In the field of electronic devices, the nanotubes formed by the self-assembly of hybrid molecules can be used as templates to prepare metal nanowires (such as gold and silver nanowires) with uniform size and regular morphology. Such metal nanowires have excellent conductivity and can be used in the construction of nanoelectronic devices and flexible circuits, significantly improving the performance and stability of the devices. In the field of catalysis, the nanospheres formed by the self-assembly of cyclopeptide-dendrimer hybrid molecules can be used as carriers to load metal catalysts (such as platinum and palladium nanoparticles). Their high specific surface area and controllable pore structure can improve the dispersibility of the catalyst, enhance the catalytic activity and cycle stability, and show good application effects in organic synthesis, pollutant degradation and other reactions. In addition, the composite materials formed by combining cyclopeptide-dendrimer hybrid molecules with carbon nanomaterials have excellent electrochemical properties and can be used in the preparation of energy storage devices such as supercapacitors and lithium-ion batteries.

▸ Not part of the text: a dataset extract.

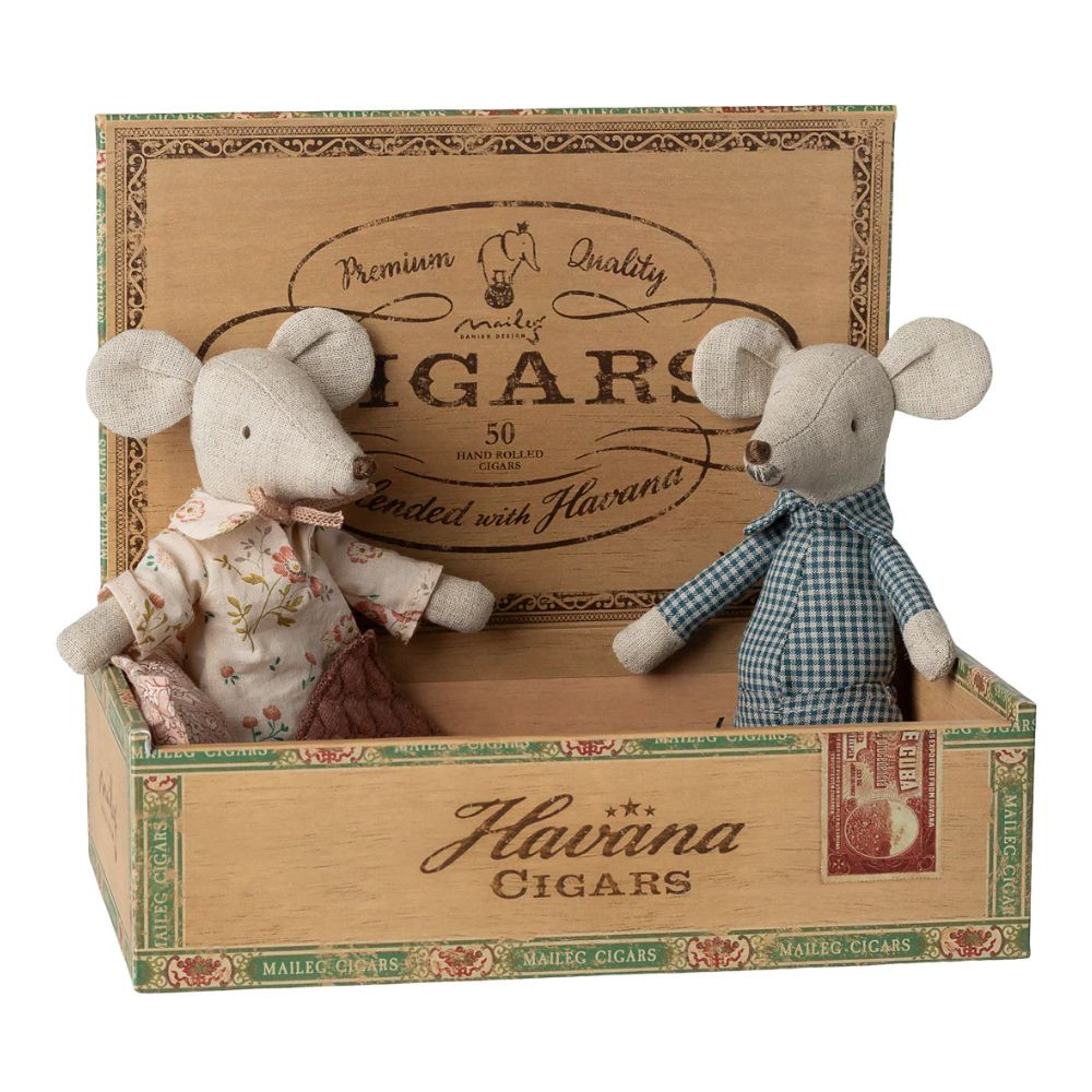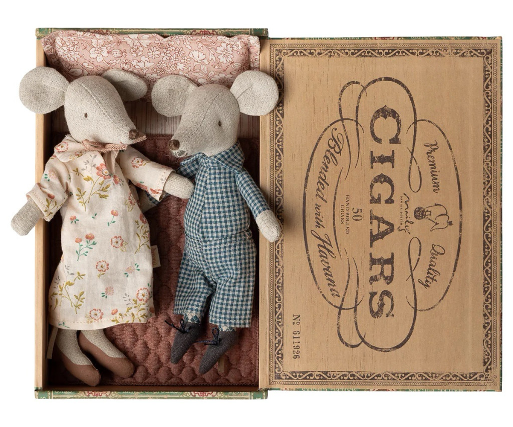 Igazi klasszikus Maileg darab: a nagymama és nagypapa egér most hálóruhában és csinos cipőben érkezik, készen a mesés esti történetekre és a meghitt családi pillanatokra. A díszes szivardoboz tökéletes fekhely számukra, ahol kényelmesen pihenhetnek egy hosszú nap után. A részletgazdag kidolgozás és a minőségi anyaghasználat igazán különlegessé teszi ezt a szettet a Maileg világában. Méret: Magasság: 17 cm Anyag: len / pamut / karton Töltet: újrahasznosított poliészter / PE pellet Ajánlott életkor: 3 éves kortól Különleges, örökzöld ajándék, amely generációkon átívelő játékélményt kínál a Maileg rajongóknak. Miért népszerűek a Maileg játékok? A Maileg játékok a részletgazdag kidolgozásuk és egyedi, bájos stílusuk miatt rendkívül népszerűek. Minden Maileg figura és kiegészítő gondosan megtervezett, hogy ösztönözze a kreatív szerepjátékot, miközben varázslatos világot nyit meg a gyerekek előtt. Emellett a kiváló minőségű anyagok és a fenntartható gyártás is hozzájárulnak a Maileg termékek tartósságához és népszerűségéhez, így nemcsak a gyerekek, hanem a szülők körében is kedvelt választás.

(2) Field of Stimuli-Responsive Smart Materials
Using the stimulus responsiveness (pH response, temperature response, light response, ion response, etc.) of cyclopeptide-dendrimer hybrid molecules, stimuli-responsive self-assembled materials can be prepared. Such materials can spontaneously adjust their structure and performance according to changes in the external environment, and have broad application prospects in drug controlled release, flexible electronics, sensors, smart coatings and other fields.

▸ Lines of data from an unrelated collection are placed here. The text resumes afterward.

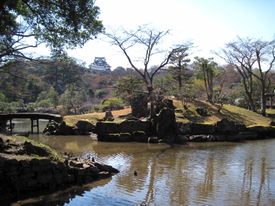 庭内に八景亭という江戸時代の建物を利用した料理旅館があり、天守閣を背景にした茅葺き屋根が池に映ってとても雰囲気があります。
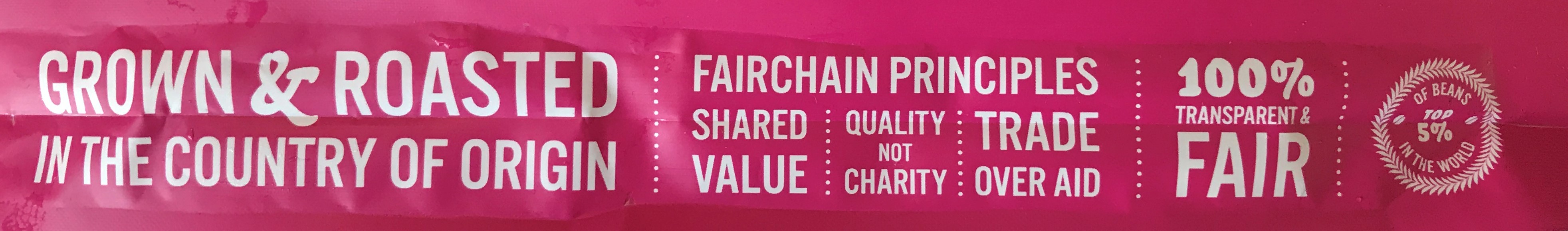 Het is ‘FairChain’ koffie en zoals ze zelf omschrijven; De ‘holy grail’ van FairChain: ‘lokaal branden! Hierdoor verhogen we de hoeveelheid geld dat achterblijft in de producerende landen met 300%’. Shared Value, Quality, not Charity en Trade over Aid zijn verder de omschrijvingen die de verpakkingen sieren. Enigszins schreeuwerig, maar zo valt het wel op in de winkels.
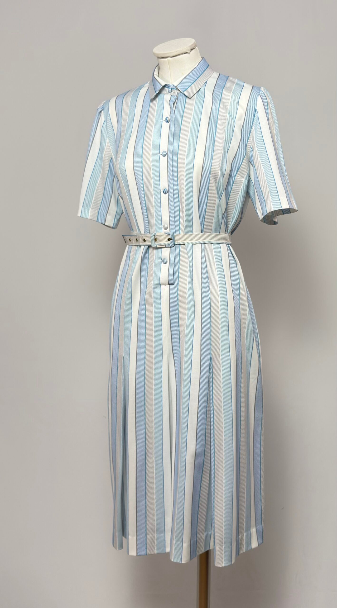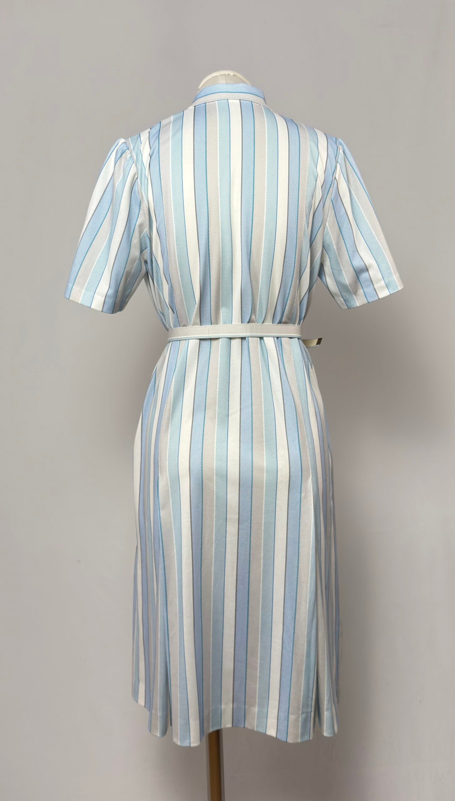 Vestido de punto de manga corta, cuello camisero, rayas azul claro y blanco, botones de la misma tela. Tablas grandes en la falda. Cinturón de la misma tel con hebilla.
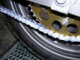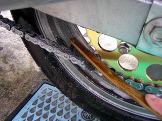 チェーンのコマとコマの間(リングがついているとこ)とスプロケットとかみ合う所を特に念入りにやります。 |
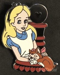 | This pin features Alice in front of a pawn chess piece which is red & black . She has her cat Dinah in her hands |
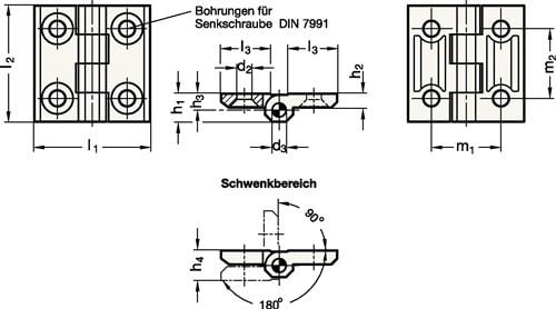Ganter Norm Scharnier GN 237 Höhe 40 mm Breite 40 mm
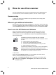 1 Kako koristiti skener Ovaj priručnik opisuje kako koristiti plošni skener za dokumente HP Scanjet 8270 i njegove dodatke, riješiti probleme s instalacijom i obratiti se podršci za korisnike. Postavljanje skenera Za postavljanje skenera i instaliranje softvera za skeniranje pogledajte poster za postavljanje koji je isporučen sa skenerom. Gdje pronaći dodatne informacije Više informacija o skeneru i softveru možete pronaći u zaslonskoj pomoći.
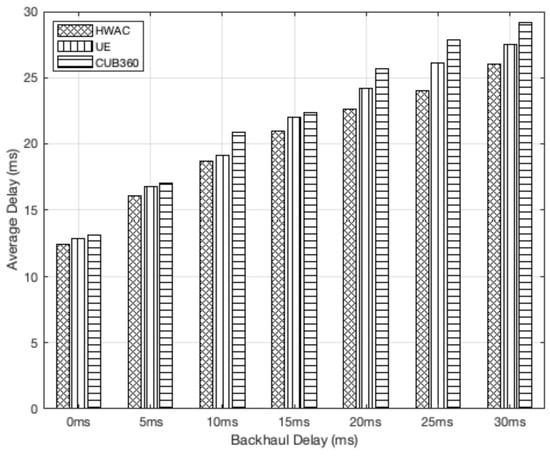 In the association method of CUB360, although user behavior is taken into account, the impact of multi-rate and load balancing on AP association is not taken into account. The average download delays of users grow linearly with the backhaul delay. The advantage is not obvious for the backhaul link congestion and AP dense network scenario.
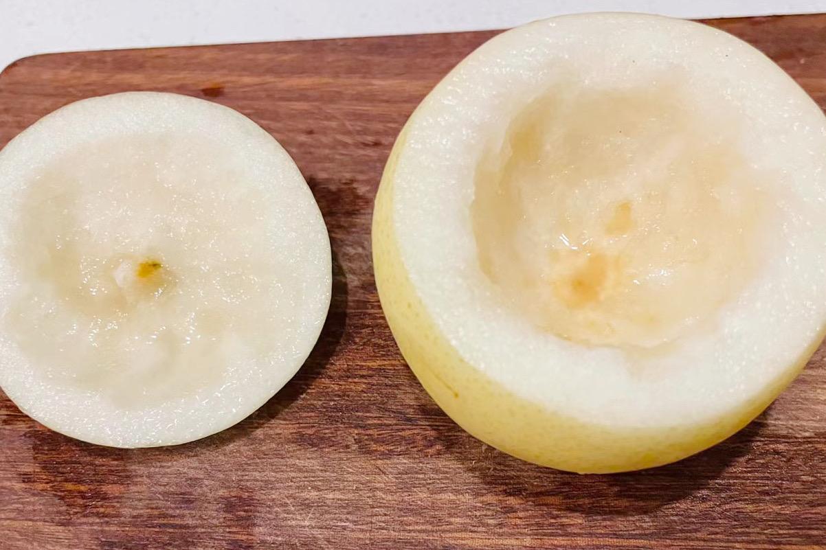1、將梨子洗乾淨,從梨的上方切下一片當蓋子,用勺子挖掉梨核;

pH-responsive materials are one of the most widely studied types at present. By modifying pH-sensitive groups (such as carboxyl and amino groups) at the terminals of dendrimers, the self-assembled structures of hybrid molecules can dissociate or recombine in different pH environments, realizing the controlled release of drugs, which is especially suitable for targeted drug delivery at lesion sites such as tumors and inflammation [superscript:6]. Temperature-responsive materials introduce thermosensitive dendrimers to make the self-assembled structure undergo phase transition at a specific temperature, which can be used in the construction of smart coatings and drug sustained-release systems. Light-responsive materials load light-sensitive groups to realize structural transformation under the irradiation of light with specific wavelengths, which can be used in light-controlled drug release, light-driven devices and other fields. In addition, the self-assembled materials of cyclopeptide-dendrimer hybrid molecules based on metal ion response can realize dynamic regulation of structure through ion coordination, providing a new strategy for the design of stimuli-responsive smart materials .
(3) Field of Biomimetic Materials
By simulating the self-assembly process of natural biomolecules, using cyclopeptide-dendrimer hybrid molecules to self-assemble into structures similar to biological tissues (such as cell membranes, collagen, extracellular matrix), new biomimetic materials can be prepared. Such materials have good biocompatibility and bioactivity and can be used in tissue engineering, biomimetic devices and other fields.
In the field of tissue engineering, peptide-based dendrimers can simulate the structure of collagen, and self-assemble with cyclopeptides to form three-dimensional porous scaffolds. Such scaffolds can provide a good support environment for cell growth, promote cell adhesion, proliferation and differentiation, and provide a new material choice for skin repair, bone tissue regeneration and other applications. In the field of biomimetic cell membranes, the nanovesicles formed by the self-assembly of cyclopeptide-dendrimer hybrid molecules can simulate the structure and function of cell membranes and be used in drug delivery, cell simulation and other research; the cyclopeptide self-assembly system developed by the research group of Wang Huaimin from West Lake University can simulate the hierarchical assembly phenomenon in nature through reversible cyclization reaction, providing a new idea for the design of biomimetic materials [superscript:4]. In addition, the nanostructures formed by the self-assembly of cyclodipeptide-dendrimer hybrid molecules can simulate the ordered assembly process in organisms, and their piezoelectric properties can be used to prepare biomimetic sensors to realize precise response to external stimuli.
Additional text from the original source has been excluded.